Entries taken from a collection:
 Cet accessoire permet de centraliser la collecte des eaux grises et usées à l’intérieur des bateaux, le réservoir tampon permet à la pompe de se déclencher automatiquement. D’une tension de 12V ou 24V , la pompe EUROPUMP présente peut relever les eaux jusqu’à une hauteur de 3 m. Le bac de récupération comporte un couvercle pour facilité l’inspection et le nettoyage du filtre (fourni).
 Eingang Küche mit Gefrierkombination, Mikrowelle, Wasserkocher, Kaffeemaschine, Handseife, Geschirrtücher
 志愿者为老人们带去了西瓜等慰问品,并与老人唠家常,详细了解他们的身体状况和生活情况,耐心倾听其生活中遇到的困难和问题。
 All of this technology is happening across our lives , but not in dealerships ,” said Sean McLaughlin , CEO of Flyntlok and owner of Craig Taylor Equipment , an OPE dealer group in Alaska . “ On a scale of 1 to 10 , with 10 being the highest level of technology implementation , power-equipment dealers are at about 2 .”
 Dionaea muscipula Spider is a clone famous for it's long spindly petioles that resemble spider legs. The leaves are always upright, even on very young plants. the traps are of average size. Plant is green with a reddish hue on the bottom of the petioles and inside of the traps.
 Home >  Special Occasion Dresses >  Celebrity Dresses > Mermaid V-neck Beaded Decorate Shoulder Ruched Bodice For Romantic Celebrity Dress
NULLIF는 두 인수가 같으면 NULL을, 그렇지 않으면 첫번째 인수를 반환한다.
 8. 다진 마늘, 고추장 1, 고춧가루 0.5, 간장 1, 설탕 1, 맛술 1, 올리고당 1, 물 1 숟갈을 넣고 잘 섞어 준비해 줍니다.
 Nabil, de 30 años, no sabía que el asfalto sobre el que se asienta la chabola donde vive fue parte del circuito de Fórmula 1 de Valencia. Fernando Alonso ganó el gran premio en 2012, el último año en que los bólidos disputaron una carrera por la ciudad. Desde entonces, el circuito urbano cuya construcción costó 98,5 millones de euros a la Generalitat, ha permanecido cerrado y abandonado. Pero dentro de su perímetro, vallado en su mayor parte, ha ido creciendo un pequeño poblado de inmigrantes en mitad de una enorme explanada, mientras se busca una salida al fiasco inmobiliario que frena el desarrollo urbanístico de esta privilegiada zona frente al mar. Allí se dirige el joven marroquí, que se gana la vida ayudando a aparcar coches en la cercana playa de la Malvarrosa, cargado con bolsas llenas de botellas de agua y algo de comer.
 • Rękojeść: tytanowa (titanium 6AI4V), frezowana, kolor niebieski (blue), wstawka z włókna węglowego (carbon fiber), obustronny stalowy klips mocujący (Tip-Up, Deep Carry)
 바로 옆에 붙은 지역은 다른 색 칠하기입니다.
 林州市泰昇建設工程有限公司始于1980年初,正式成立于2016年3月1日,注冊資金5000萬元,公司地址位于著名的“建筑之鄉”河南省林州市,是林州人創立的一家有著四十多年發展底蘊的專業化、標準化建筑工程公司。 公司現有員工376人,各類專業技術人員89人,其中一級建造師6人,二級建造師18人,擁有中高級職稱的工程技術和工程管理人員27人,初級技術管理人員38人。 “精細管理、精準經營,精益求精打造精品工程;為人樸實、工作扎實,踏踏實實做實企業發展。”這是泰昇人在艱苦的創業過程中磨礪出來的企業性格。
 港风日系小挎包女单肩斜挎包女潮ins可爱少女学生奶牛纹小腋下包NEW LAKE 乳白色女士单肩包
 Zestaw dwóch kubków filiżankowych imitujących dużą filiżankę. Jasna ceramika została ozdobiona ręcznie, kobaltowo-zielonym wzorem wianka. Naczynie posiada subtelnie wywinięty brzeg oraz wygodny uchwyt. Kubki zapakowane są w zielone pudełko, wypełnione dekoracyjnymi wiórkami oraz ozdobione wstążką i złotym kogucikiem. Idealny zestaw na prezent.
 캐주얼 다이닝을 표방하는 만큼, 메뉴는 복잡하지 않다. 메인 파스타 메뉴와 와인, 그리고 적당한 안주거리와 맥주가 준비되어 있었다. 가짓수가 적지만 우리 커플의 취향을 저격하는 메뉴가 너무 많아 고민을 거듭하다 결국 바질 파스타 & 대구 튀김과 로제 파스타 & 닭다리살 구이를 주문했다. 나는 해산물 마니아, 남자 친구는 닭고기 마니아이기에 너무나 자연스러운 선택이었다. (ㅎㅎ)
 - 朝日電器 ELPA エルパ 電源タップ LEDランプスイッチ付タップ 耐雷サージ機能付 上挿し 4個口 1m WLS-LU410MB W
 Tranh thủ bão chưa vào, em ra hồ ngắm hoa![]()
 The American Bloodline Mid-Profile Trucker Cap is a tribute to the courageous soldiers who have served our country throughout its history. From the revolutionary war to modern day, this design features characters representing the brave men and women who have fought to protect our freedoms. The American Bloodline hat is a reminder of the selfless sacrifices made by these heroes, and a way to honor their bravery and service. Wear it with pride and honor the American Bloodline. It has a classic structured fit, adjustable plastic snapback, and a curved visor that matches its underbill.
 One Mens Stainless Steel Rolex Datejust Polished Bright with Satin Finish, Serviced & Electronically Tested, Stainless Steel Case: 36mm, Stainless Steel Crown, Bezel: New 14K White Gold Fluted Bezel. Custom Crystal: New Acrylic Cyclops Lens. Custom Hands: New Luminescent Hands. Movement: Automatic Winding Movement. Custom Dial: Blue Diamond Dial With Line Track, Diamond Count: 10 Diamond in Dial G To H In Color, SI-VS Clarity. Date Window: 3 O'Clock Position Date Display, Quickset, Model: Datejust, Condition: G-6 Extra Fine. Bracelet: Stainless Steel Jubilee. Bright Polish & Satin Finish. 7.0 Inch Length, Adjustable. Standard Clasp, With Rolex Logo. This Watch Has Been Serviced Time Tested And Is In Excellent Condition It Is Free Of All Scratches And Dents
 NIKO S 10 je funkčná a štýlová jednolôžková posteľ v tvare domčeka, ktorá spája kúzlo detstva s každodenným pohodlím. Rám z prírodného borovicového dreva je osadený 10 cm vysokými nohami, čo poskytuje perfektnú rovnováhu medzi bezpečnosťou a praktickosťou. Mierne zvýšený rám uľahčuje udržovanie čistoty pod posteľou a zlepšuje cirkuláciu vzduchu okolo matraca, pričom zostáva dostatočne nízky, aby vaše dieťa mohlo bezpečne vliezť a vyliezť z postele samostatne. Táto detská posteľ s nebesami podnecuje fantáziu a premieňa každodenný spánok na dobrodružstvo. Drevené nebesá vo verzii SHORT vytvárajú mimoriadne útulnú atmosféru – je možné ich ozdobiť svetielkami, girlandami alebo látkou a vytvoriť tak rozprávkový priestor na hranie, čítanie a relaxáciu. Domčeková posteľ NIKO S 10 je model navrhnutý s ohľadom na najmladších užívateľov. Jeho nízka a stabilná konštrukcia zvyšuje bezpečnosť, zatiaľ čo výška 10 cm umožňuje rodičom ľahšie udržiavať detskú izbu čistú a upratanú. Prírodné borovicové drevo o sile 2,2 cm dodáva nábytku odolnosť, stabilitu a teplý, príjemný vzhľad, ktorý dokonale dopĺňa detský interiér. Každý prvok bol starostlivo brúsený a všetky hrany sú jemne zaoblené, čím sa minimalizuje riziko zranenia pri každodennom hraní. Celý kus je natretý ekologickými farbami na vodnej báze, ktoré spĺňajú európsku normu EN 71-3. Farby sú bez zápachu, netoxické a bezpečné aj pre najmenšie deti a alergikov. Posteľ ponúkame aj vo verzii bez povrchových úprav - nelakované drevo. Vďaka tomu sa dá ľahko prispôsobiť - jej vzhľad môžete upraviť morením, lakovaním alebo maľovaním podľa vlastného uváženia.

#### [EXERCISE INSTRUCTIONS]
Output every record above a second time, exactly.

#### [RESULT OF THIS TASK]
 Cet accessoire permet de centraliser la collecte des eaux grises et usées à l’intérieur des bateaux, le réservoir tampon permet à la pompe de se déclencher automatiquement. D’une tension de 12V ou 24V , la pompe EUROPUMP présente peut relever les eaux jusqu’à une hauteur de 3 m. Le bac de récupération comporte un couvercle pour facilité l’inspection et le nettoyage du filtre (fourni).
 Eingang Küche mit Gefrierkombination, Mikrowelle, Wasserkocher, Kaffeemaschine, Handseife, Geschirrtücher
 志愿者为老人们带去了西瓜等慰问品,并与老人唠家常,详细了解他们的身体状况和生活情况,耐心倾听其生活中遇到的困难和问题。
 All of this technology is happening across our lives , but not in dealerships ,” said Sean McLaughlin , CEO of Flyntlok and owner of Craig Taylor Equipment , an OPE dealer group in Alaska . “ On a scale of 1 to 10 , with 10 being the highest level of technology implementation , power-equipment dealers are at about 2 .”
 Dionaea muscipula Spider is a clone famous for it's long spindly petioles that resemble spider legs. The leaves are always upright, even on very young plants. the traps are of average size. Plant is green with a reddish hue on the bottom of the petioles and inside of the traps.
 Home >  Special Occasion Dresses >  Celebrity Dresses > Mermaid V-neck Beaded Decorate Shoulder Ruched Bodice For Romantic Celebrity Dress
NULLIF는 두 인수가 같으면 NULL을, 그렇지 않으면 첫번째 인수를 반환한다.
 8. 다진 마늘, 고추장 1, 고춧가루 0.5, 간장 1, 설탕 1, 맛술 1, 올리고당 1, 물 1 숟갈을 넣고 잘 섞어 준비해 줍니다.
 Nabil, de 30 años, no sabía que el asfalto sobre el que se asienta la chabola donde vive fue parte del circuito de Fórmula 1 de Valencia. Fernando Alonso ganó el gran premio en 2012, el último año en que los bólidos disputaron una carrera por la ciudad. Desde entonces, el circuito urbano cuya construcción costó 98,5 millones de euros a la Generalitat, ha permanecido cerrado y abandonado. Pero dentro de su perímetro, vallado en su mayor parte, ha ido creciendo un pequeño poblado de inmigrantes en mitad de una enorme explanada, mientras se busca una salida al fiasco inmobiliario que frena el desarrollo urbanístico de esta privilegiada zona frente al mar. Allí se dirige el joven marroquí, que se gana la vida ayudando a aparcar coches en la cercana playa de la Malvarrosa, cargado con bolsas llenas de botellas de agua y algo de comer.
 • Rękojeść: tytanowa (titanium 6AI4V), frezowana, kolor niebieski (blue), wstawka z włókna węglowego (carbon fiber), obustronny stalowy klips mocujący (Tip-Up, Deep Carry)
 바로 옆에 붙은 지역은 다른 색 칠하기입니다.
 林州市泰昇建設工程有限公司始于1980年初,正式成立于2016年3月1日,注冊資金5000萬元,公司地址位于著名的“建筑之鄉”河南省林州市,是林州人創立的一家有著四十多年發展底蘊的專業化、標準化建筑工程公司。 公司現有員工376人,各類專業技術人員89人,其中一級建造師6人,二級建造師18人,擁有中高級職稱的工程技術和工程管理人員27人,初級技術管理人員38人。 “精細管理、精準經營,精益求精打造精品工程;為人樸實、工作扎實,踏踏實實做實企業發展。”這是泰昇人在艱苦的創業過程中磨礪出來的企業性格。
 港风日系小挎包女单肩斜挎包女潮ins可爱少女学生奶牛纹小腋下包NEW LAKE 乳白色女士单肩包
 Zestaw dwóch kubków filiżankowych imitujących dużą filiżankę. Jasna ceramika została ozdobiona ręcznie, kobaltowo-zielonym wzorem wianka. Naczynie posiada subtelnie wywinięty brzeg oraz wygodny uchwyt. Kubki zapakowane są w zielone pudełko, wypełnione dekoracyjnymi wiórkami oraz ozdobione wstążką i złotym kogucikiem. Idealny zestaw na prezent.
 캐주얼 다이닝을 표방하는 만큼, 메뉴는 복잡하지 않다. 메인 파스타 메뉴와 와인, 그리고 적당한 안주거리와 맥주가 준비되어 있었다. 가짓수가 적지만 우리 커플의 취향을 저격하는 메뉴가 너무 많아 고민을 거듭하다 결국 바질 파스타 & 대구 튀김과 로제 파스타 & 닭다리살 구이를 주문했다. 나는 해산물 마니아, 남자 친구는 닭고기 마니아이기에 너무나 자연스러운 선택이었다. (ㅎㅎ)
 - 朝日電器 ELPA エルパ 電源タップ LEDランプスイッチ付タップ 耐雷サージ機能付 上挿し 4個口 1m WLS-LU410MB W
 Tranh thủ bão chưa vào, em ra hồ ngắm hoa![]()
 The American Bloodline Mid-Profile Trucker Cap is a tribute to the courageous soldiers who have served our country throughout its history. From the revolutionary war to modern day, this design features characters representing the brave men and women who have fought to protect our freedoms. The American Bloodline hat is a reminder of the selfless sacrifices made by these heroes, and a way to honor their bravery and service. Wear it with pride and honor the American Bloodline. It has a classic structured fit, adjustable plastic snapback, and a curved visor that matches its underbill.
 One Mens Stainless Steel Rolex Datejust Polished Bright with Satin Finish, Serviced & Electronically Tested, Stainless Steel Case: 36mm, Stainless Steel Crown, Bezel: New 14K White Gold Fluted Bezel. Custom Crystal: New Acrylic Cyclops Lens. Custom Hands: New Luminescent Hands. Movement: Automatic Winding Movement. Custom Dial: Blue Diamond Dial With Line Track, Diamond Count: 10 Diamond in Dial G To H In Color, SI-VS Clarity. Date Window: 3 O'Clock Position Date Display, Quickset, Model: Datejust, Condition: G-6 Extra Fine. Bracelet: Stainless Steel Jubilee. Bright Polish & Satin Finish. 7.0 Inch Length, Adjustable. Standard Clasp, With Rolex Logo. This Watch Has Been Serviced Time Tested And Is In Excellent Condition It Is Free Of All Scratches And Dents
 NIKO S 10 je funkčná a štýlová jednolôžková posteľ v tvare domčeka, ktorá spája kúzlo detstva s každodenným pohodlím. Rám z prírodného borovicového dreva je osadený 10 cm vysokými nohami, čo poskytuje perfektnú rovnováhu medzi bezpečnosťou a praktickosťou. Mierne zvýšený rám uľahčuje udržovanie čistoty pod posteľou a zlepšuje cirkuláciu vzduchu okolo matraca, pričom zostáva dostatočne nízky, aby vaše dieťa mohlo bezpečne vliezť a vyliezť z postele samostatne. Táto detská posteľ s nebesami podnecuje fantáziu a premieňa každodenný spánok na dobrodružstvo. Drevené nebesá vo verzii SHORT vytvárajú mimoriadne útulnú atmosféru – je možné ich ozdobiť svetielkami, girlandami alebo látkou a vytvoriť tak rozprávkový priestor na hranie, čítanie a relaxáciu. Domčeková posteľ NIKO S 10 je model navrhnutý s ohľadom na najmladších užívateľov. Jeho nízka a stabilná konštrukcia zvyšuje bezpečnosť, zatiaľ čo výška 10 cm umožňuje rodičom ľahšie udržiavať detskú izbu čistú a upratanú. Prírodné borovicové drevo o sile 2,2 cm dodáva nábytku odolnosť, stabilitu a teplý, príjemný vzhľad, ktorý dokonale dopĺňa detský interiér. Každý prvok bol starostlivo brúsený a všetky hrany sú jemne zaoblené, čím sa minimalizuje riziko zranenia pri každodennom hraní. Celý kus je natretý ekologickými farbami na vodnej báze, ktoré spĺňajú európsku normu EN 71-3. Farby sú bez zápachu, netoxické a bezpečné aj pre najmenšie deti a alergikov. Posteľ ponúkame aj vo verzii bez povrchových úprav - nelakované drevo. Vďaka tomu sa dá ľahko prispôsobiť - jej vzhľad môžete upraviť morením, lakovaním alebo maľovaním podľa vlastného uváženia.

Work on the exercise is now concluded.